-- Extracted entries --
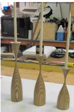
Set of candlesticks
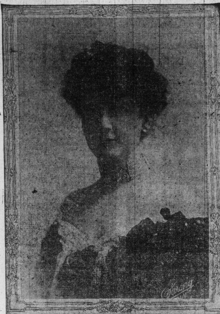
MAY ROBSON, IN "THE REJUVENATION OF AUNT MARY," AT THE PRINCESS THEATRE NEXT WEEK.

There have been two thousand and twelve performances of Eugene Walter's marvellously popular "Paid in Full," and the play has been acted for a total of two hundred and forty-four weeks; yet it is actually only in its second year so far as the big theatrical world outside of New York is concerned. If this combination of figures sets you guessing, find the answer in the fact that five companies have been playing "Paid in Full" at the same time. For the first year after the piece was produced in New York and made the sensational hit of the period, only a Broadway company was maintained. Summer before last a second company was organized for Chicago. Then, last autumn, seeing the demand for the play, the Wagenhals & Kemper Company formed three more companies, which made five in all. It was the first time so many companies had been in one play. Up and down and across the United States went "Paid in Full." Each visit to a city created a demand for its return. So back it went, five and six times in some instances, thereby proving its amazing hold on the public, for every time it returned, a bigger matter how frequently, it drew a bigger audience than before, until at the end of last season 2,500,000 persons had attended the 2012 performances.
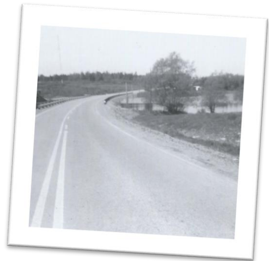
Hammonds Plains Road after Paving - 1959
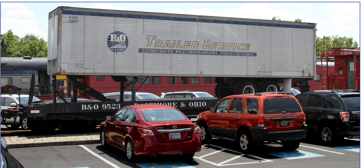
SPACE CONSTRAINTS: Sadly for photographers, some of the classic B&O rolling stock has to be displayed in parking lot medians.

...

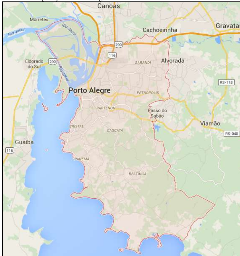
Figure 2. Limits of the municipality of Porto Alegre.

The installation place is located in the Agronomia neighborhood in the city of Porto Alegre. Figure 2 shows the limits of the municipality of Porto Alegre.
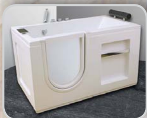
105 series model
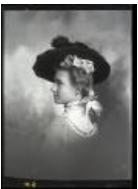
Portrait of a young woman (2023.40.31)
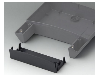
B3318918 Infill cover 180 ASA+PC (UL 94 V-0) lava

==

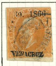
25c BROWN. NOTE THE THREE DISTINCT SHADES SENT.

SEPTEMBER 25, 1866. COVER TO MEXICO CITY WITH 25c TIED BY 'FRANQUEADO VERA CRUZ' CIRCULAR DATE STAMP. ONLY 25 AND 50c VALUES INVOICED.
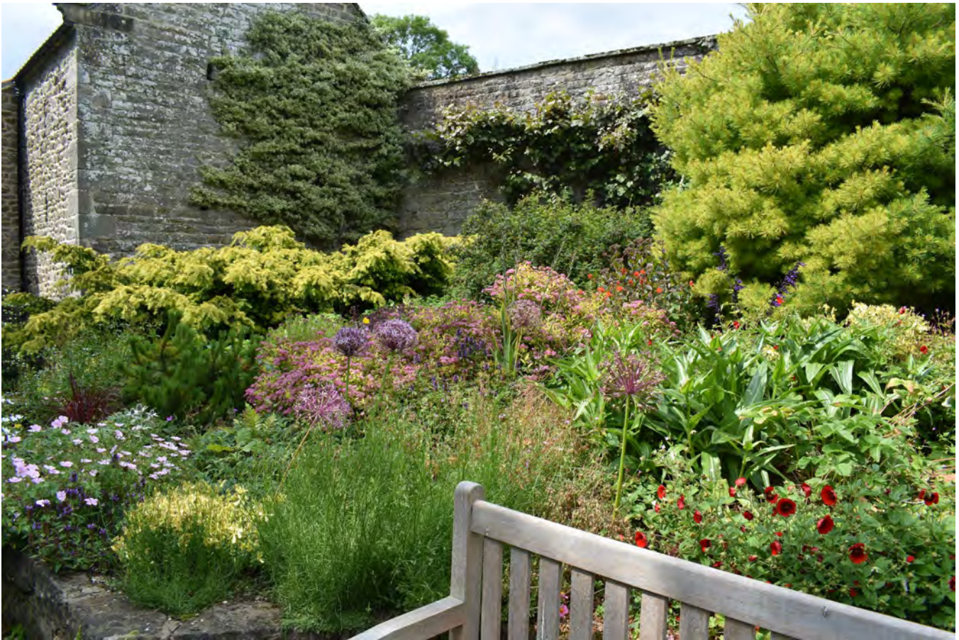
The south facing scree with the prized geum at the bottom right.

-- Work instructions --
Quote word for word only the lines above from the one containing "Set of candlesticks" through the one containing "MAY ROBSON, IN". Pictures stay out of your copy.

-- Result of this exercise --
Set of candlesticks
MAY ROBSON, IN "THE REJUVENATION OF AUNT MARY," AT THE PRINCESS THEATRE NEXT WEEK.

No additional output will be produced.